RestrictionMapper Help
RestrictionMapper is a web site that finds restriction endonuclease cleavage sites in DNA sequences. It supports linear and circular DNA and provides several ways to sort and filter output. Also provided is a virtual digest function that simulates a simultaneous digest of your sequence with enzymes of your choice.
RestrictionMapper Directions
In the Conformation box, tell RestrictionMapper whether your DNA is linear or circular.
The Sort By lists let you sort your output 3 levels deep. "Frequency" means sort numerically by number of cuts. "Name" means sort alphabetically by name. "Site_length" means sort numerically by number of unique bases in the recognition sequence. "Overhang" means sort by overhang in this order: blunt, 5', 3'. If you choose 1: frequency, 2: site_length, 3: overhang, your table will first be sorted by number of cuts. Within each cut number (1, 2, etc.) the table will be sorted by site length. Each site length group will in turn be sorted by overhang.
In the Include section, choose what types of restriction enzymes you want in your output. The "NEB Only" option only returns enzymes sold by New England Biolabs.
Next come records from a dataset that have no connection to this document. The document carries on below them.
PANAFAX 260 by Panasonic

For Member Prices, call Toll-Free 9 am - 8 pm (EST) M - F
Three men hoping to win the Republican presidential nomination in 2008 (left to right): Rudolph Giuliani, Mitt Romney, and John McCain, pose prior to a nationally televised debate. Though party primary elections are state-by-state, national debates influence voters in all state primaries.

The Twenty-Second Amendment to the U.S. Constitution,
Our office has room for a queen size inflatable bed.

The overhang check boxes let you filter the output by overhang. For example, to choose only blunt ended sites, uncheck the "5' overhang" and "3' overhang" boxes.
The Maximum Cut Number list lets you filter the output by the number of cut sites. For example, to find only enzymes that linearize your plasmid, select '1' (also don't forget to click 'circular'). To show only noncutters, select '0'.
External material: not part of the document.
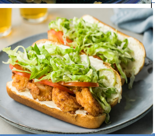
Friday Shrimp Po Boys Avocado & Egg Salad Sandwich Corn Roasted Baby Carrots
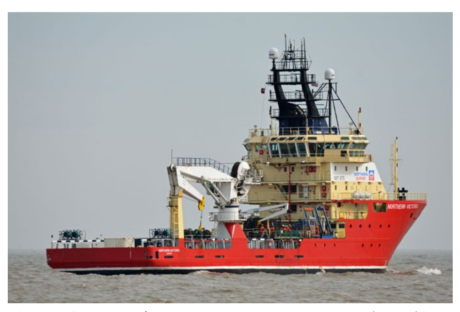
NORTHERN VICTORIA Denmark

AHTS Chu Xin 11, ex Bourbon Liberty 224 '22 (2010 - 9394636) owned and operated by Telasea Logistics Co. Ltd. has been sold in 2023 to Olhai Marine Services

The Minimum Site Length box lets you filter out enzymes with recognition sites below a certain length.
The Prototypes/All Isoschizomers radio buttons let you filter out isoschizomers.
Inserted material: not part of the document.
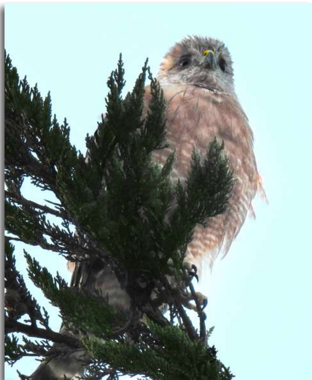
3 rd "Juvenile Red Tail Hawk" Clarissa Conn
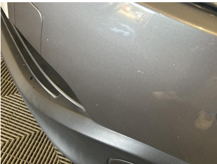
13: Bumper Front Chipped Multiple Chips

The Select Enzymes by Name list lets you choose exactly which sites to search for. Control-click to select multiple enzymes. This list overrides all other selection criteria.
Your sequence is pasted into the Paste Sequence Here box.
Make sure that:
- Your sequence is single stranded. RestrictionMapper doesn't support, or
even recognize, double strands, so a double stranded sequence will give
you very strange results.
- There are no non-nucleotide letters in your sequence. Deal with any Ns
and remove the header before pasting. Numbers, spaces and blank lines are
no problem. RestrictionMapper removes these automatically.
The Sequence Name box is pretty self explanatory. The name is included in the output so that when you're looking at the printout 2 weeks later, you know what it is. The default name is "Untitled".
Now just click "Map Restriction Sites" and you're all set. RestrictionMapper will return the sequence name, the conformation of your DNA (linear or circular), your enzyme selection criteria, the list of non-cutters, and an enzyme table that looks something like this.
Name | Sequence | Site Length | Overhang | Cut Positions | Frequency |
---|---|---|---|---|---|
PvuI | cgat/cg | 6 | three_prime | 44 | 1 |
DpnI | ga/tc | 4 | blunt | 43 | 1 |
HaeIII | gg/cc | 4 | blunt | 5 | 1 |
BsaJI | c/cnngg | 4 | five_prime | 31, 57 | 2 |
BssKI | /ccngg | 4 | five_prime | 31, 57 | 2 |
Each cut position indicates the base immediately 5' to the cut, e.g. 31 means that the enzyme cuts between nucleotides 31 and 32.
Each link in the Name column leads to the REBASE entry for that enzyme.
For further info about RestrictionMapper, check out the FAQ page. If that doesn't help, or if you have found a problem or a bug, please email Peter Blaiklock at webmaster |AT| restrictionmapper.org.
Virtual Digest Directions
Paste your sequence into the Paste Sequence Here box, select enzymes to digest with from the enzyme list and click Virtual Digest. Note that this function requires enzymes to be selected from the list. You will get a table of digestion products containing, for each product, the sequence, length, starting and ending positions in the original sequence and the 5' and 3' enzymes.
Note: Virtual Digest simulates simultaneous digestion. If your digestion conditions require sequential digestion, do a virtual digest with the first enzyme, then do virtual digests on the resulting fragments with the next enzyme, etc. This will ensure the most accurate picture of your final results.